Re: Teacher/Student Portrayals in Pop Culture

Postby Placid-pool » Fri Jan 09, 2009 8:09 pm

The teacher / pupil question was very important in the Celtic tradition. To the point where the sons of noble families were always fostered out to other families to be trained - this helped build bonds between tribes and avoided wars. This is why Arthur was sent to live with Sir Ector - this was normal practice and why Bride is often portrayed as the foster mother of Jesus. The Celts, once introduced to Christianity could not believe that so noble a son would not have been fostered and obviously to a Celtic wise-woman.
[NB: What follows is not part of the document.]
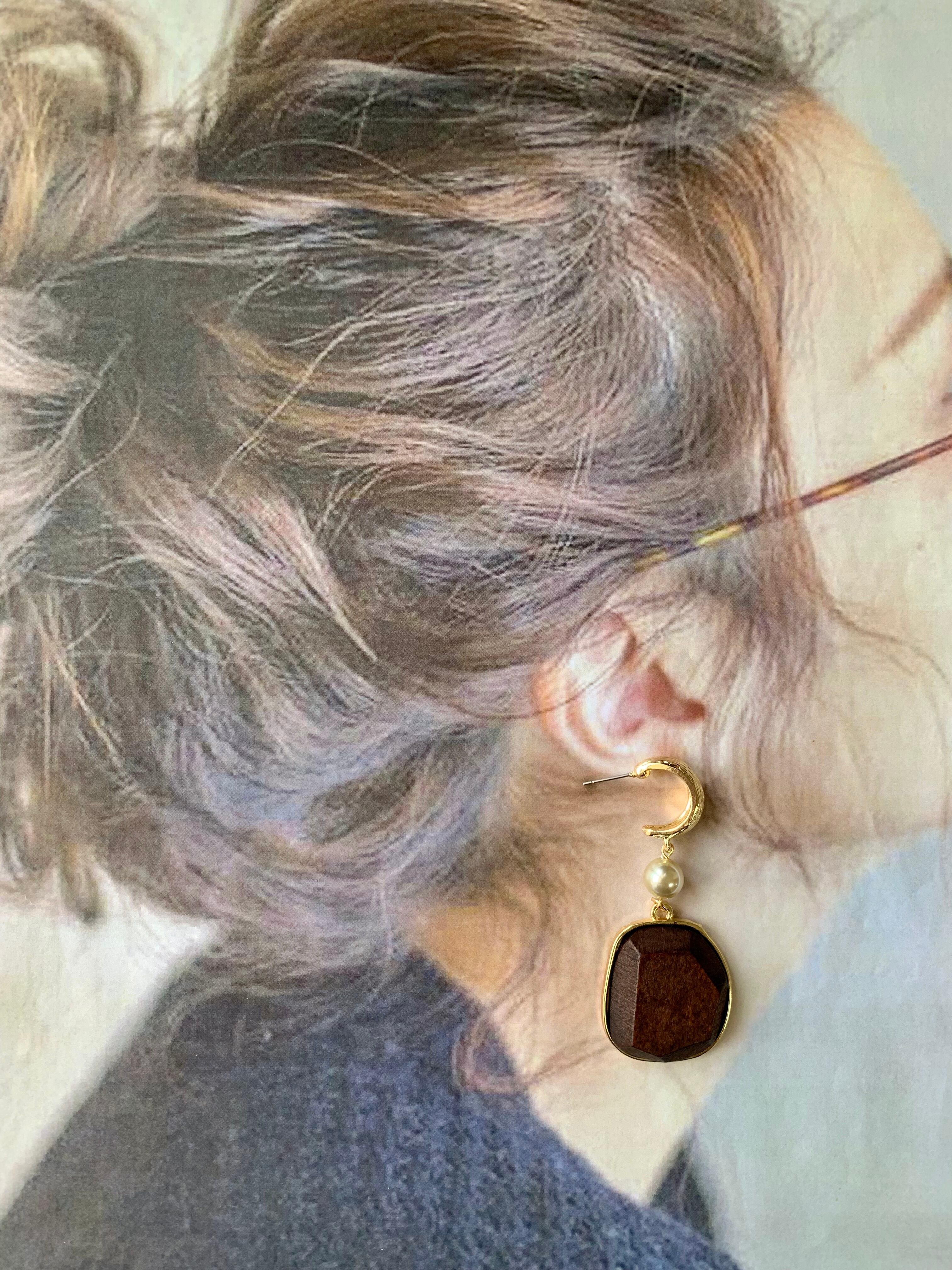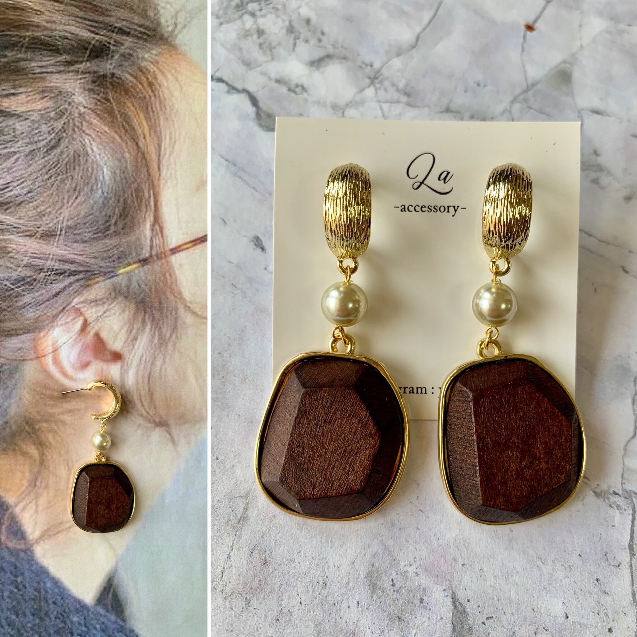 大ぶりブラウンチャームピアス

It was also usual for a young warrior to go and seek at least a year's training in weapon's skills, often with a woman teacher. Cuchlain, the hound of Ulster fell in love with his teacher and fathered a child from her but once he had mastered several feats including the Salmon Leap on the magic bridge, he was sent away.
User avatar
Placid-pool
 
Posts: 92
Joined: Sun Jan 04, 2009 11:09 am

Re: Teacher/Student Portrayals in Pop Culture

Postby blossombreeze » Wed Jun 02, 2010 10:07 pm

I agree about Celtic culture. It was very important to find a "Soul Friend" who was one's spiritual guide. There were female "Soul Friends" advising male chieftains - when this custom was transmitted to Rome, they passed a law that only males could advise males, and females could only advise females.

I can also name the Greek model of teacher/student. Also thinking of the Greek god/mortal human relationship, which closely parallels that of teacher/student. Here, deep love is involved. Plato is thought to have wanted to get rid of the "homoerotic" implications when describing the ideal "study" relationship, but it is accepted he did retain the idea of love as the only relationship where one knows what is best for the other, because of the inherent respect one has for the other. So masters and students were "in (Platonic) love" as the way to gain true insight. The purpose was to raise the student to the level of the master, and beyond (i.e. accept that the student had a greater potential, or that it was always a matter of cycles: today the master is me, tomorrow it will be you, and vice versa - what we all serve is that highest Ideal).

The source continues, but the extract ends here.